## TASK TO CARRY OUT
Set the data down exactly as it stands, and keep its pictures out.

## INPUT DATA
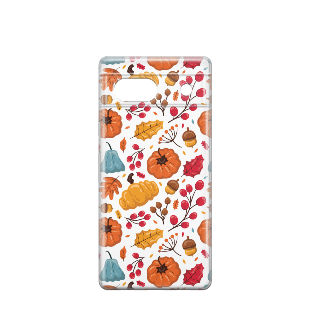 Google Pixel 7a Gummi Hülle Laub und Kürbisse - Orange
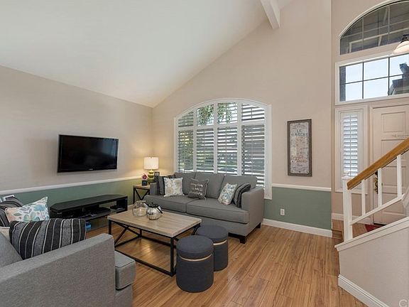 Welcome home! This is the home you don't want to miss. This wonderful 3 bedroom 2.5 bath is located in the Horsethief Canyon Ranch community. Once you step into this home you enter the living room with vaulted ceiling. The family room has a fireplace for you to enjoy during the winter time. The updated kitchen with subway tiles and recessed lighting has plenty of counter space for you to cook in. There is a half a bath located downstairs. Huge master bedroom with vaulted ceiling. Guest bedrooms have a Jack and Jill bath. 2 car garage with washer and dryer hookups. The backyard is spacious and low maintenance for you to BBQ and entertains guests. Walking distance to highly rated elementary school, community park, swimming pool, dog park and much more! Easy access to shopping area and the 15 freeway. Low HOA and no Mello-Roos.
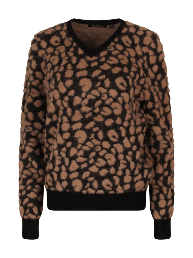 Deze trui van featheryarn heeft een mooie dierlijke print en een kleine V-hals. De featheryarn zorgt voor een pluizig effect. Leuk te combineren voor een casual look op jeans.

## TASK SOLUTION
 Google Pixel 7a Gummi Hülle Laub und Kürbisse - Orange
 Welcome home! This is the home you don't want to miss. This wonderful 3 bedroom 2.5 bath is located in the Horsethief Canyon Ranch community. Once you step into this home you enter the living room with vaulted ceiling. The family room has a fireplace for you to enjoy during the winter time. The updated kitchen with subway tiles and recessed lighting has plenty of counter space for you to cook in. There is a half a bath located downstairs. Huge master bedroom with vaulted ceiling. Guest bedrooms have a Jack and Jill bath. 2 car garage with washer and dryer hookups. The backyard is spacious and low maintenance for you to BBQ and entertains guests. Walking distance to highly rated elementary school, community park, swimming pool, dog park and much more! Easy access to shopping area and the 15 freeway. Low HOA and no Mello-Roos.
 Deze trui van featheryarn heeft een mooie dierlijke print en een kleine V-hals. De featheryarn zorgt voor een pluizig effect. Leuk te combineren voor een casual look op jeans.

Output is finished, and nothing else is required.